- Opening Delimiter -

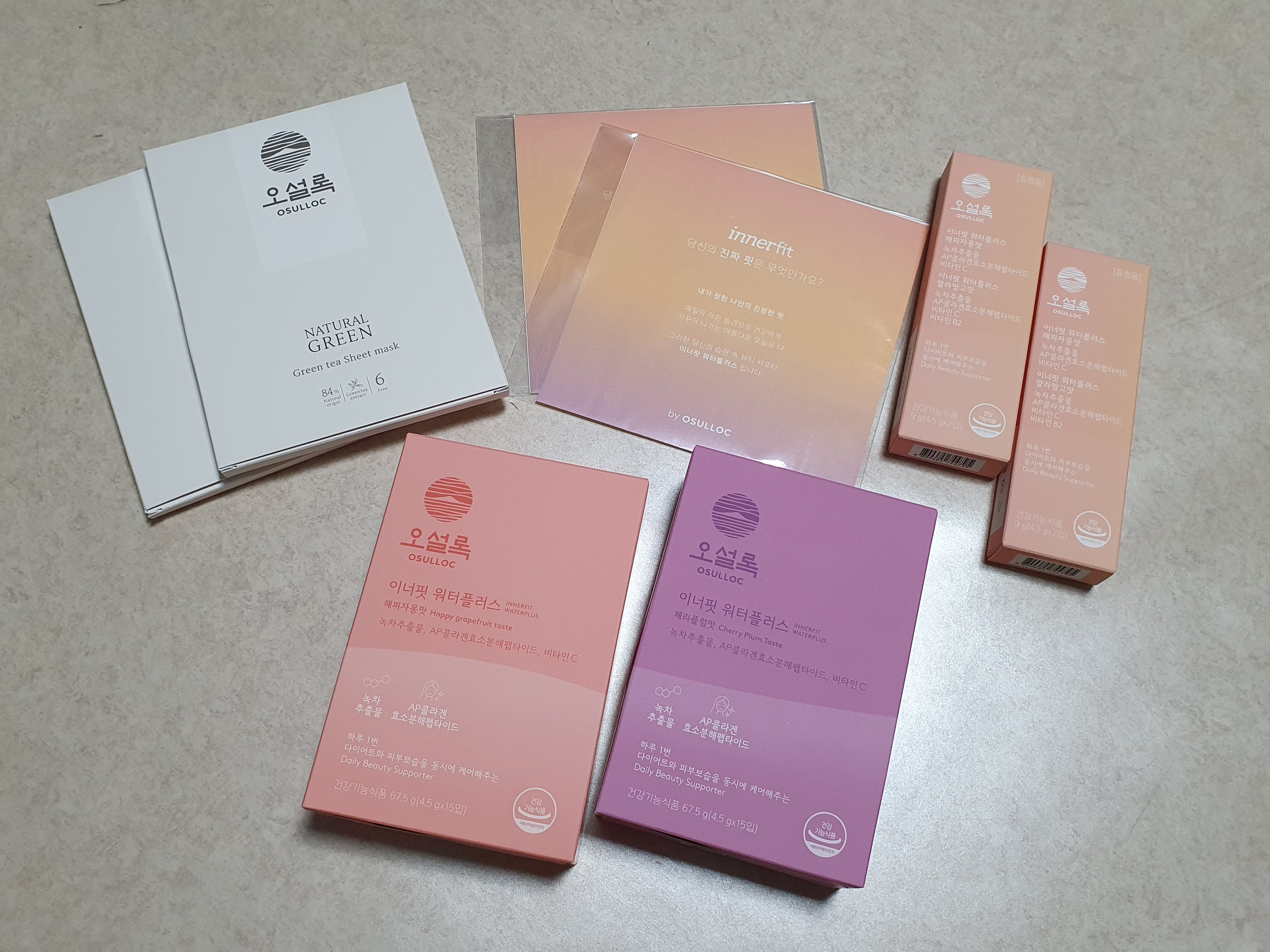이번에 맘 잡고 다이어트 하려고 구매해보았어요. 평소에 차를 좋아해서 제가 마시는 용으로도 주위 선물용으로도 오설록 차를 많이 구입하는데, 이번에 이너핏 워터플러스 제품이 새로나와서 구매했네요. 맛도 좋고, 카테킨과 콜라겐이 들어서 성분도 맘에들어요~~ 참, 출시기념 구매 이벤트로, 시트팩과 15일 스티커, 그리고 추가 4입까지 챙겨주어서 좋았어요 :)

- Closing Delimiter -
- Opening Delimiter -

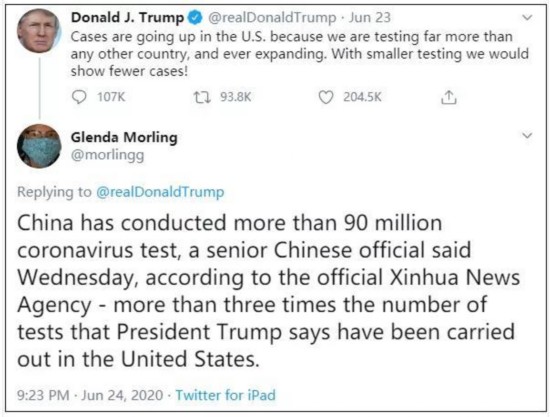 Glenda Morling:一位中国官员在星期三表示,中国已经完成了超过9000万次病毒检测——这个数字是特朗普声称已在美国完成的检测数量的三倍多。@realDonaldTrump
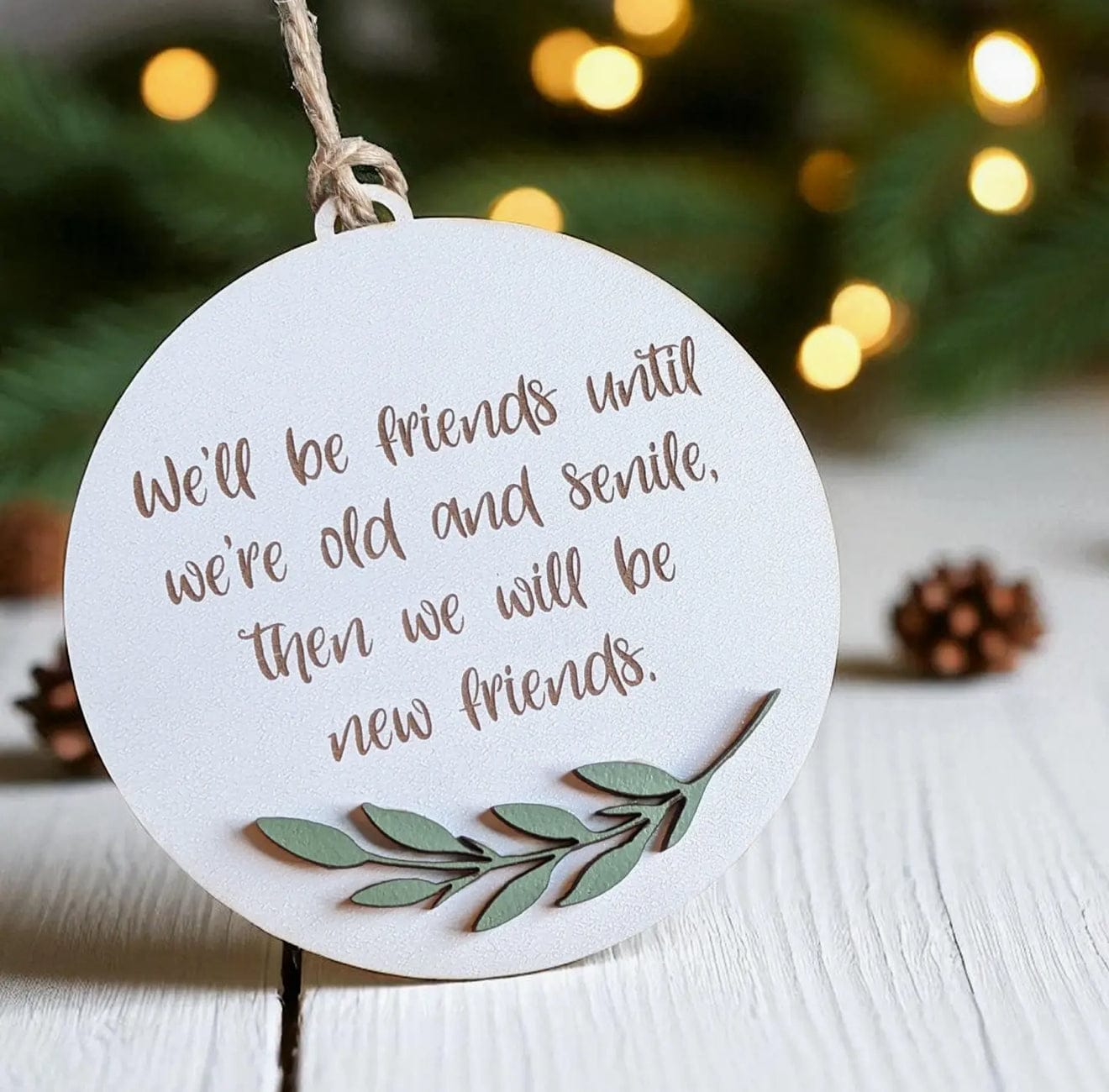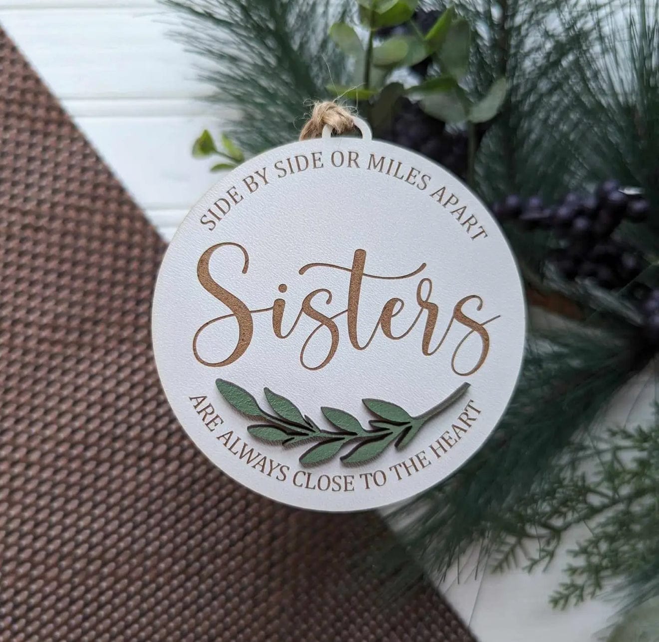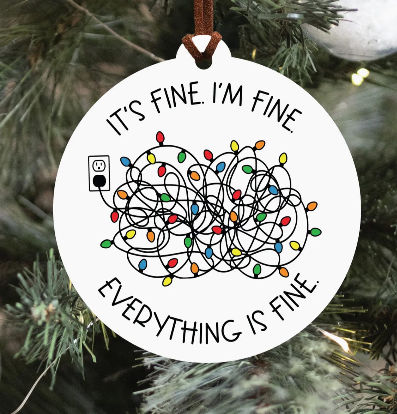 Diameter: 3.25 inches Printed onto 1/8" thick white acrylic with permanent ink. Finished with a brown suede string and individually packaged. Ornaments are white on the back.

- Closing Delimiter -
- Opening Delimiter -

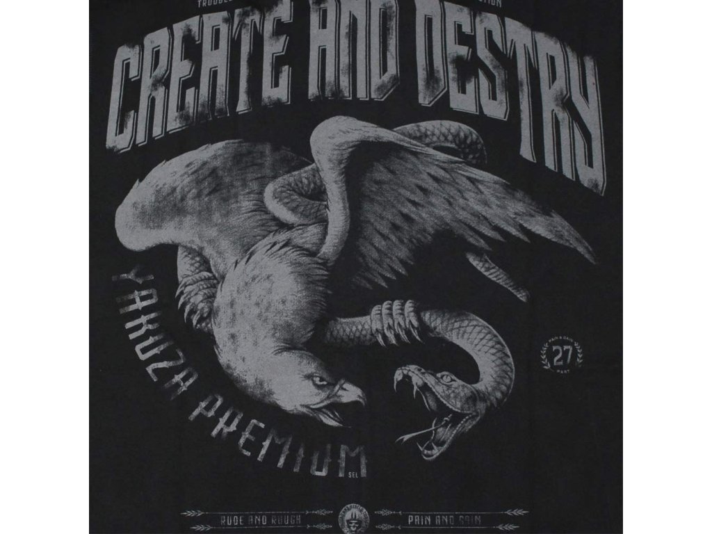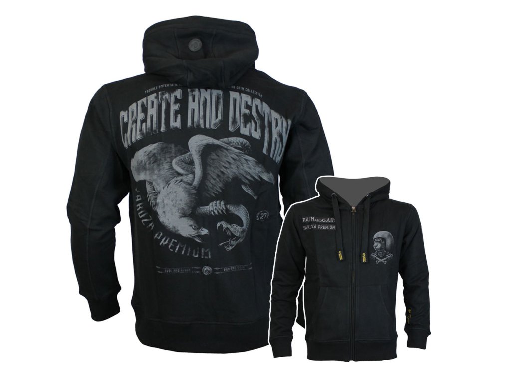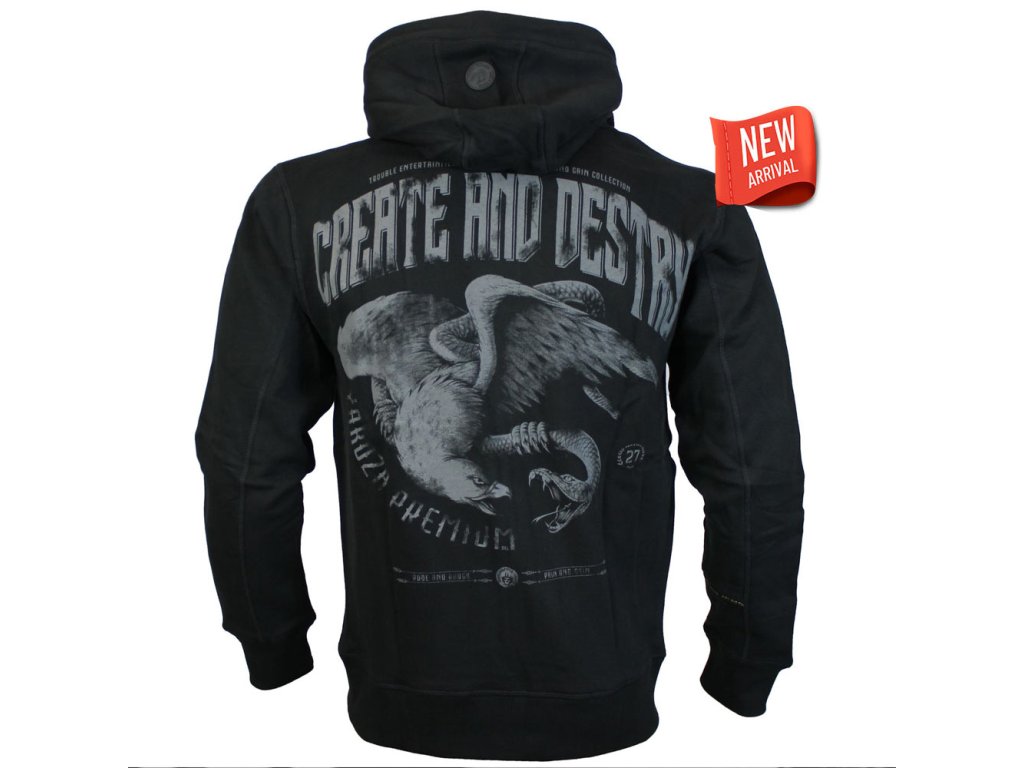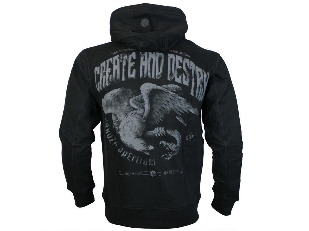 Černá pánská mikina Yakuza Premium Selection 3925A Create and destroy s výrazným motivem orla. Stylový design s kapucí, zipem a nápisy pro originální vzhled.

- Closing Delimiter -

_What you will do:_ Using the records above, return word for word the lines that begin at the one containing "Glenda Morling" and end at the one containing "Diameter: 3.25 inches", both of them included and no pictures.

_Task output:_
 Glenda Morling:一位中国官员在星期三表示,中国已经完成了超过9000万次病毒检测——这个数字是特朗普声称已在美国完成的检测数量的三倍多。@realDonaldTrump
 Diameter: 3.25 inches Printed onto 1/8" thick white acrylic with permanent ink. Finished with a brown suede string and individually packaged. Ornaments are white on the back.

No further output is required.